(Data provided begins)

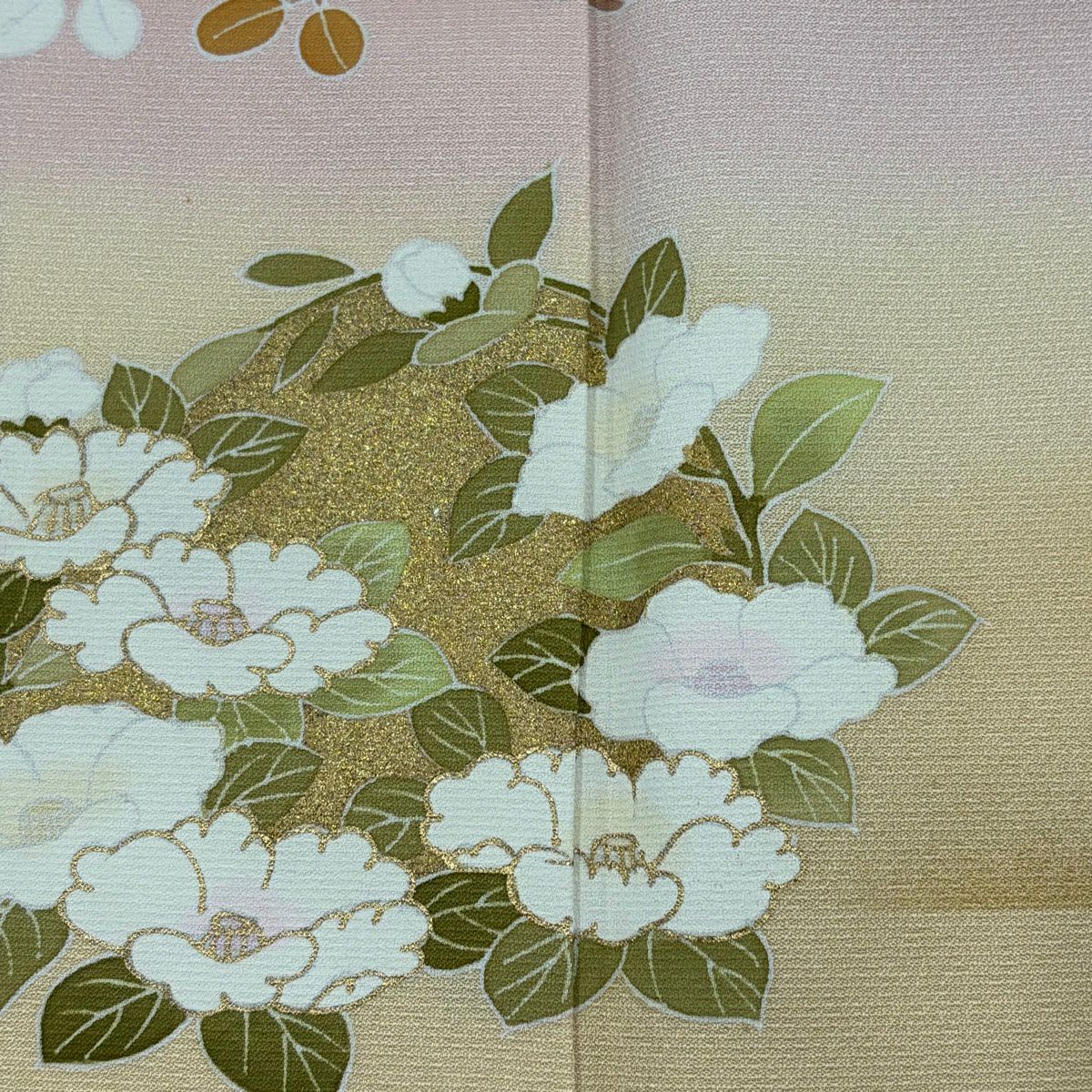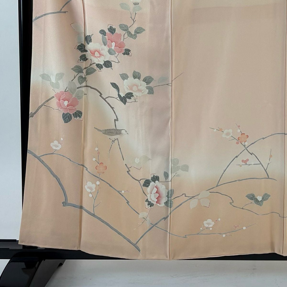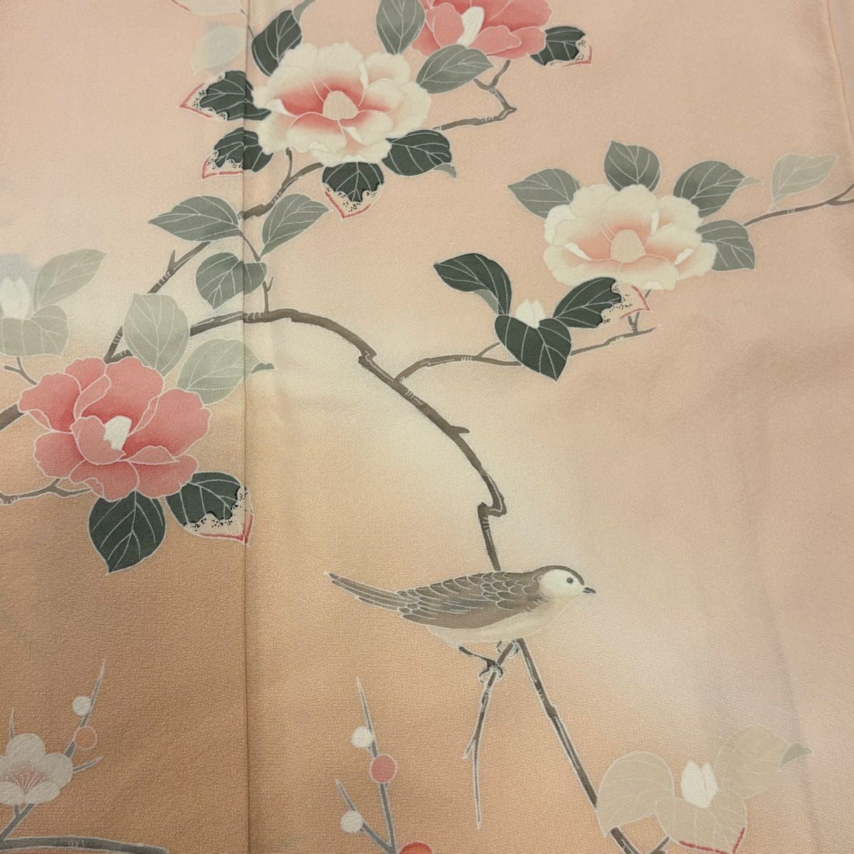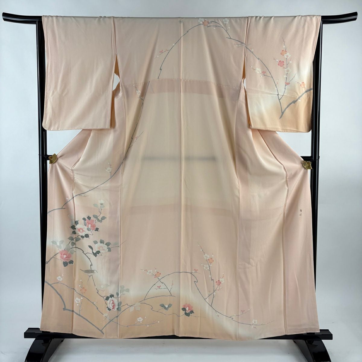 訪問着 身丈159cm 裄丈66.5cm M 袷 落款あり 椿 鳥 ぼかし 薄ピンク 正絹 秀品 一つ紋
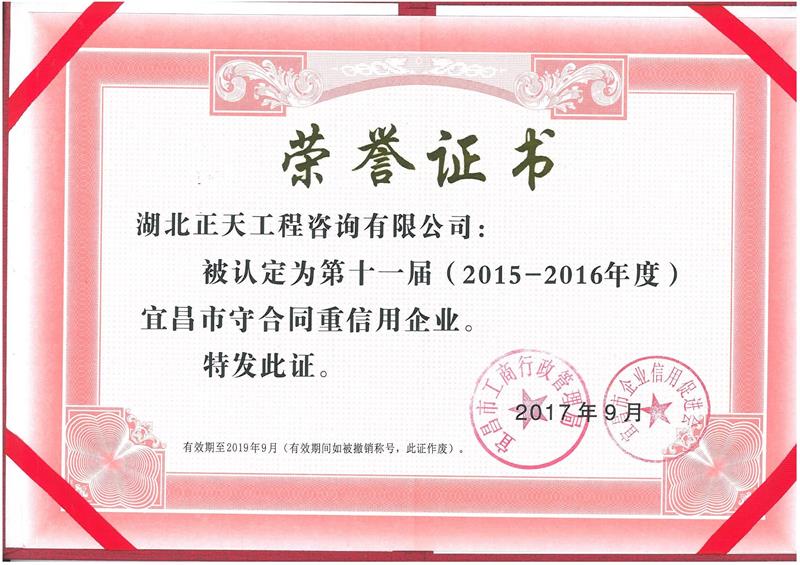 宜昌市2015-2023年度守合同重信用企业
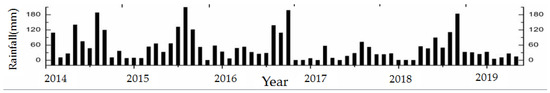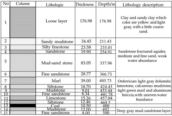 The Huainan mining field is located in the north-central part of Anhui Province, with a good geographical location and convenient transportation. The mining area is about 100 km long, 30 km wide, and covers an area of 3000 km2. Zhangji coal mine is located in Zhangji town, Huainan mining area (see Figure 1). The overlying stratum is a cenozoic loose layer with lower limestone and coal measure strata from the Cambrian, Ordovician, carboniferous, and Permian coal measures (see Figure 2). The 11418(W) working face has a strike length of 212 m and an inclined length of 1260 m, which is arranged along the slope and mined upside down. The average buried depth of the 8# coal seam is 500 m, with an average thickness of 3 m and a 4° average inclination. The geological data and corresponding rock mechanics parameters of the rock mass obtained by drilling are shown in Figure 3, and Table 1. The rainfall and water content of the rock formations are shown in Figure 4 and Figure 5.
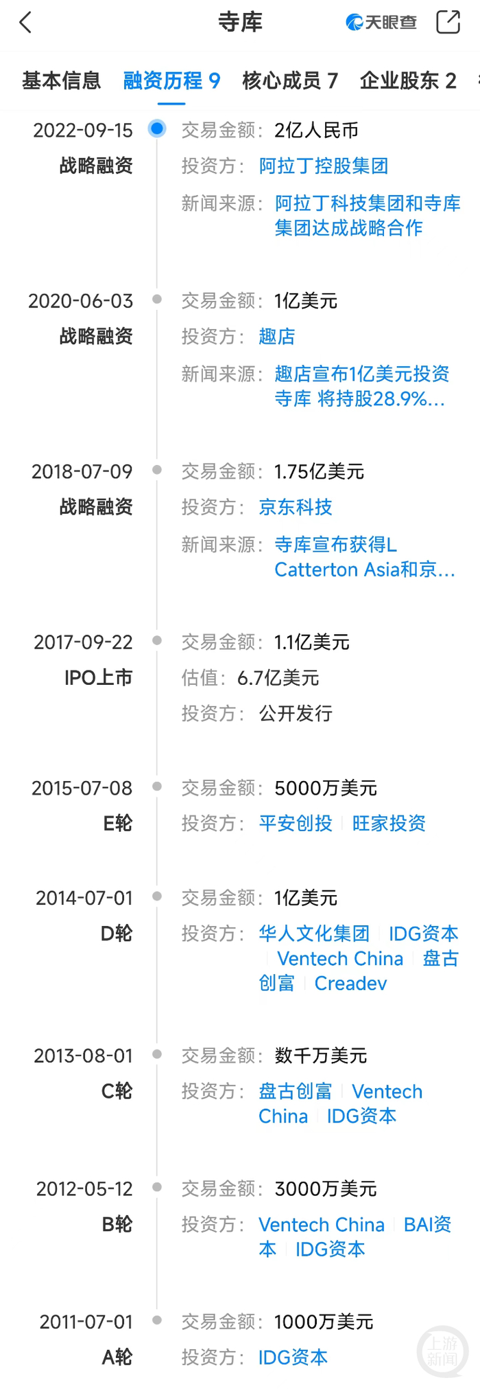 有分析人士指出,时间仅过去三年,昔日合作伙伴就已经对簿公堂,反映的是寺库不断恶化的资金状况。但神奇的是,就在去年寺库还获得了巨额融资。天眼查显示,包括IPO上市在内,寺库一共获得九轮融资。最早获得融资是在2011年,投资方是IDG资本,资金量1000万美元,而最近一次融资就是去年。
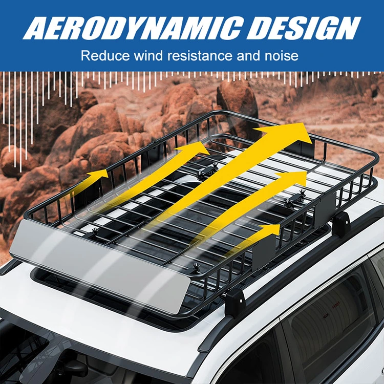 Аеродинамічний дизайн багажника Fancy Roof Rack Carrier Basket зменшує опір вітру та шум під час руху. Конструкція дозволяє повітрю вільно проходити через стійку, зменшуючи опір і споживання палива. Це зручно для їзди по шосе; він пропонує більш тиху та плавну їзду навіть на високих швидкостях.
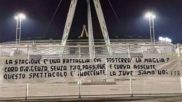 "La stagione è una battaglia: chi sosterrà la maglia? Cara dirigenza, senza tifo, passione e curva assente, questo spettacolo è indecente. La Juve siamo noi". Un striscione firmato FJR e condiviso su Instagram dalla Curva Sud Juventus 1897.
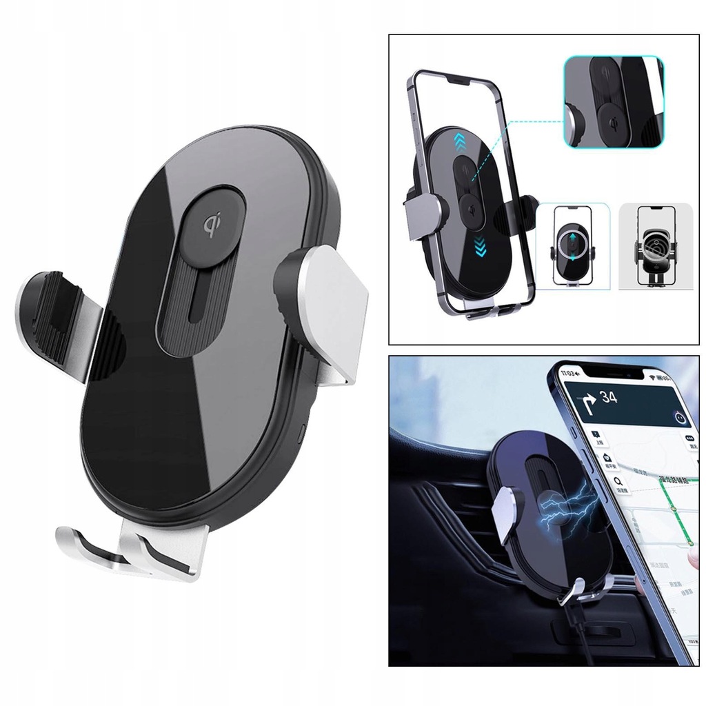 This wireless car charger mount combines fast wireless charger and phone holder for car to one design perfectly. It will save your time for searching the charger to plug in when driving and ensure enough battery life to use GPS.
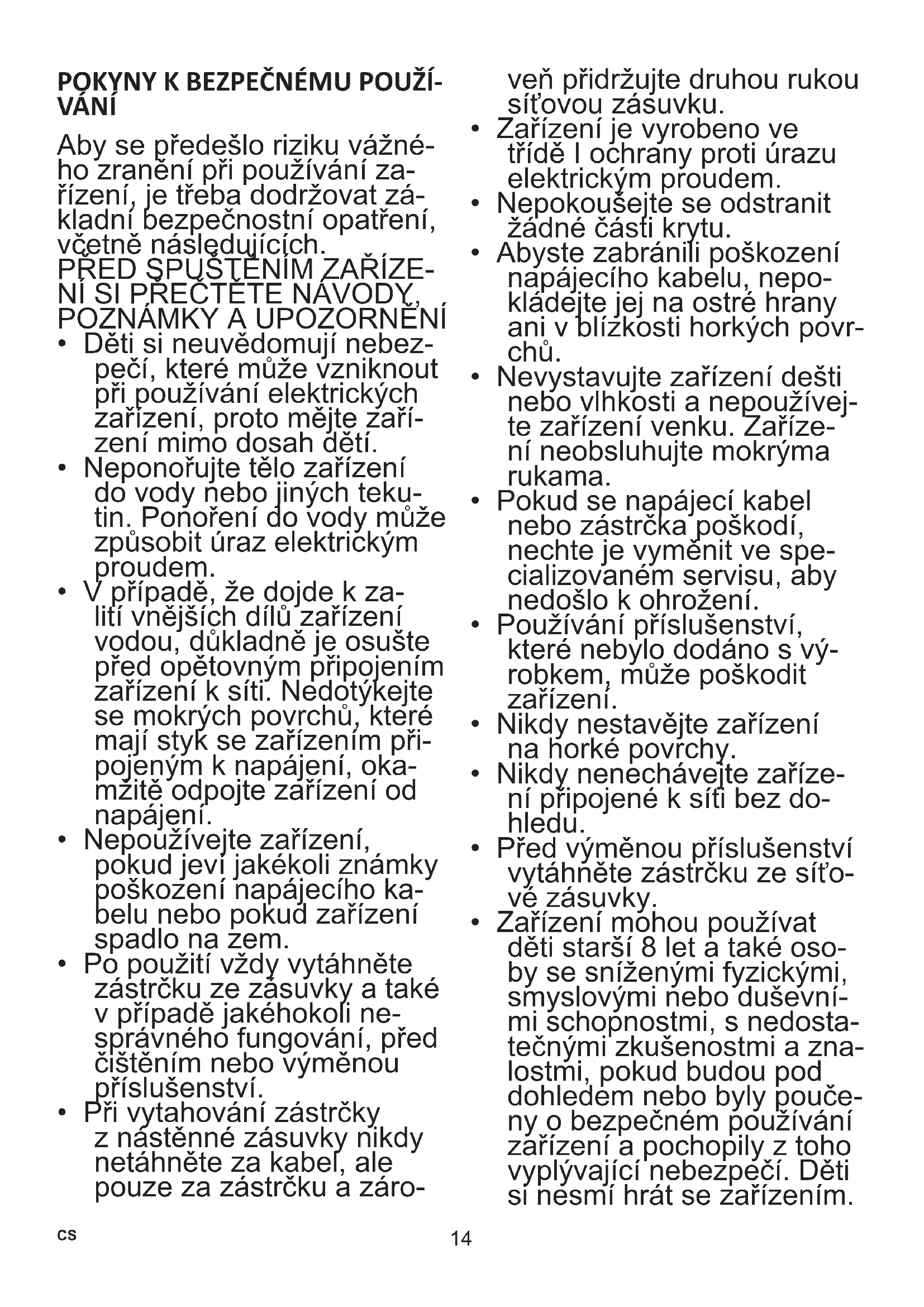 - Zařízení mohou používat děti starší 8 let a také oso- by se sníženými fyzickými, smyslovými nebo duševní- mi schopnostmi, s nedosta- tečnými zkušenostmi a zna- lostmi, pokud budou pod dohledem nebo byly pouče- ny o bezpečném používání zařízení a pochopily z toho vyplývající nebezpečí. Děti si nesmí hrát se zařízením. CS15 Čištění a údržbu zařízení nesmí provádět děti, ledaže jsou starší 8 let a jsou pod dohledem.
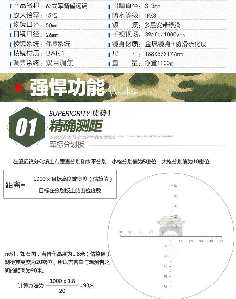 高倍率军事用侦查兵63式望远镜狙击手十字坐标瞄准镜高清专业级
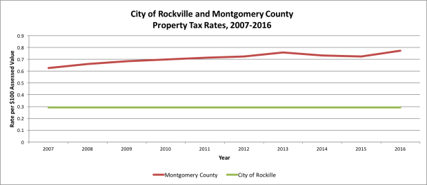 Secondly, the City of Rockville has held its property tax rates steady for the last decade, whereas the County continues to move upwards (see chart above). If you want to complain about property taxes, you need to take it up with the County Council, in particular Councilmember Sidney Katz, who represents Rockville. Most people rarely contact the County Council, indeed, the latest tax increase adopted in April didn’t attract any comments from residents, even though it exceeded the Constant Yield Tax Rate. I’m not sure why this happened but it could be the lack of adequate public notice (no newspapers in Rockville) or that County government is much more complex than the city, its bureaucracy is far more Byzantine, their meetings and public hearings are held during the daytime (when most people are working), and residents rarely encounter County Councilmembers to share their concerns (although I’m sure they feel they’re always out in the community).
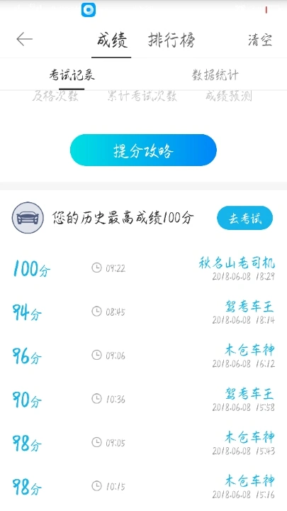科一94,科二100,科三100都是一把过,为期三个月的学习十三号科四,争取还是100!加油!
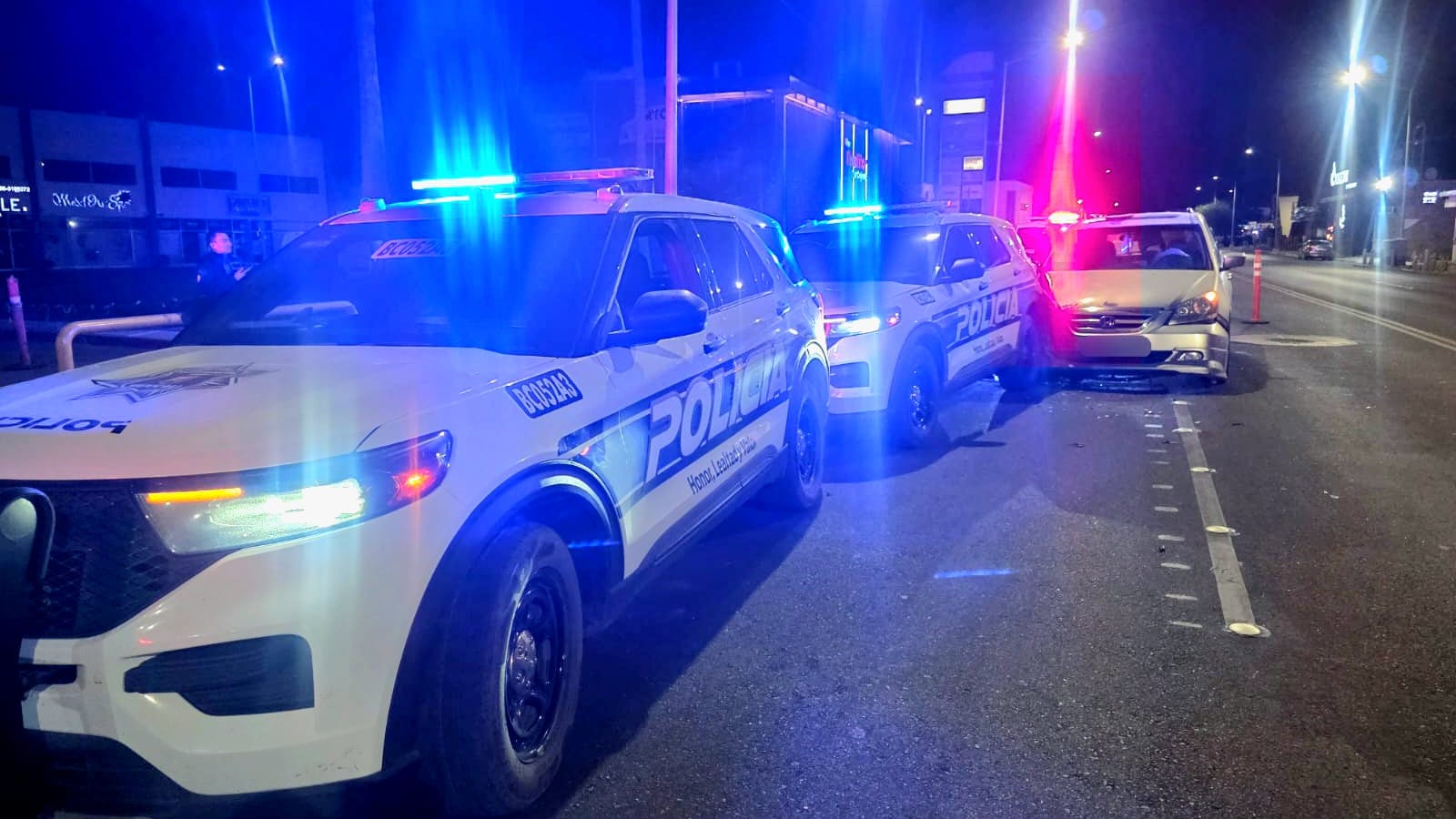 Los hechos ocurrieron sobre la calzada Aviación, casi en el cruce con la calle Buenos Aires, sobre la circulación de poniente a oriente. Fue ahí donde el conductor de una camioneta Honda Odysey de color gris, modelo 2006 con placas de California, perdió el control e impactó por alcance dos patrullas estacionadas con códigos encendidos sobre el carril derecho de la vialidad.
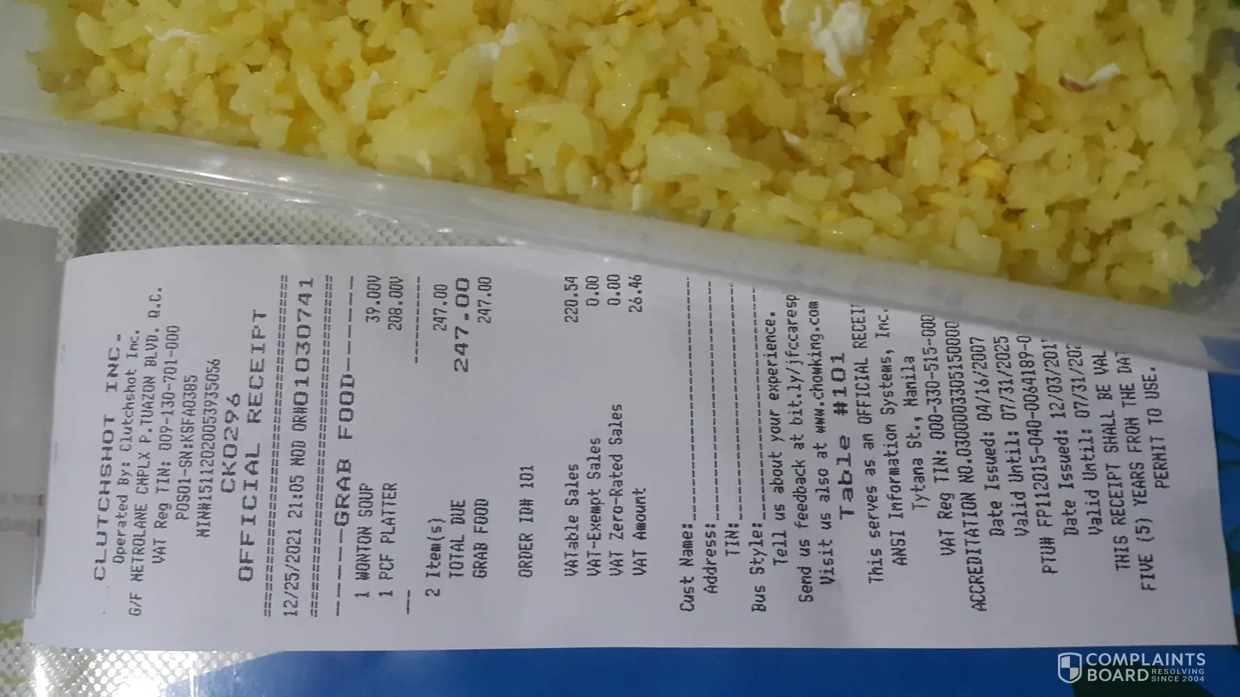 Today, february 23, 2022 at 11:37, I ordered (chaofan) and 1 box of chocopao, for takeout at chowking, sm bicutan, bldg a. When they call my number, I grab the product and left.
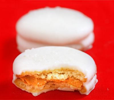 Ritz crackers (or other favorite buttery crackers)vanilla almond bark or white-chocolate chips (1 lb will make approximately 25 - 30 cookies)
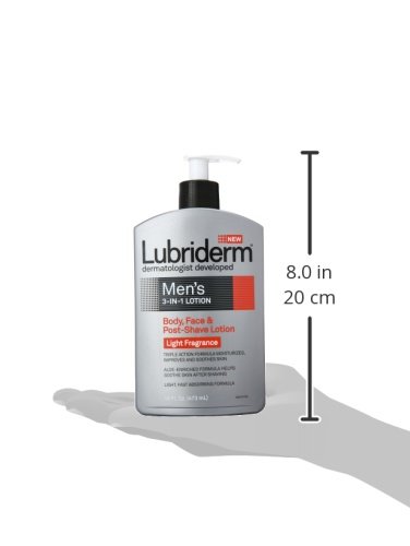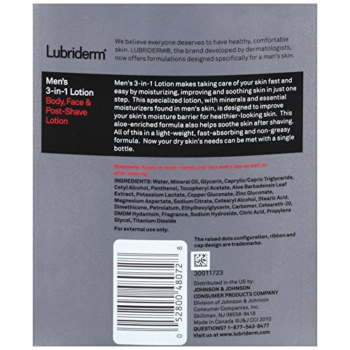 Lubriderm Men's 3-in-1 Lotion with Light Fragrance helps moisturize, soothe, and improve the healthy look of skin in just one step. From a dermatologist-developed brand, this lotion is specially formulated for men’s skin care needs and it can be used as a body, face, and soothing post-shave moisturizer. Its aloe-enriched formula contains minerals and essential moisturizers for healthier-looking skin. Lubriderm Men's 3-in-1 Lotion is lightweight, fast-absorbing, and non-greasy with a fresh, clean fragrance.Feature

(Data provided ends)

Exactly and only the lines from the top of the records down to the line containing "This wireless car" should be transcribed, please, without the pictures.

> Your solution
 訪問着 身丈159cm 裄丈66.5cm M 袷 落款あり 椿 鳥 ぼかし 薄ピンク 正絹 秀品 一つ紋
 宜昌市2015-2023年度守合同重信用企业
 The Huainan mining field is located in the north-central part of Anhui Province, with a good geographical location and convenient transportation. The mining area is about 100 km long, 30 km wide, and covers an area of 3000 km2. Zhangji coal mine is located in Zhangji town, Huainan mining area (see Figure 1). The overlying stratum is a cenozoic loose layer with lower limestone and coal measure strata from the Cambrian, Ordovician, carboniferous, and Permian coal measures (see Figure 2). The 11418(W) working face has a strike length of 212 m and an inclined length of 1260 m, which is arranged along the slope and mined upside down. The average buried depth of the 8# coal seam is 500 m, with an average thickness of 3 m and a 4° average inclination. The geological data and corresponding rock mechanics parameters of the rock mass obtained by drilling are shown in Figure 3, and Table 1. The rainfall and water content of the rock formations are shown in Figure 4 and Figure 5.
 有分析人士指出,时间仅过去三年,昔日合作伙伴就已经对簿公堂,反映的是寺库不断恶化的资金状况。但神奇的是,就在去年寺库还获得了巨额融资。天眼查显示,包括IPO上市在内,寺库一共获得九轮融资。最早获得融资是在2011年,投资方是IDG资本,资金量1000万美元,而最近一次融资就是去年。
 Аеродинамічний дизайн багажника Fancy Roof Rack Carrier Basket зменшує опір вітру та шум під час руху. Конструкція дозволяє повітрю вільно проходити через стійку, зменшуючи опір і споживання палива. Це зручно для їзди по шосе; він пропонує більш тиху та плавну їзду навіть на високих швидкостях.
 "La stagione è una battaglia: chi sosterrà la maglia? Cara dirigenza, senza tifo, passione e curva assente, questo spettacolo è indecente. La Juve siamo noi". Un striscione firmato FJR e condiviso su Instagram dalla Curva Sud Juventus 1897.
 This wireless car charger mount combines fast wireless charger and phone holder for car to one design perfectly. It will save your time for searching the charger to plug in when driving and ensure enough battery life to use GPS.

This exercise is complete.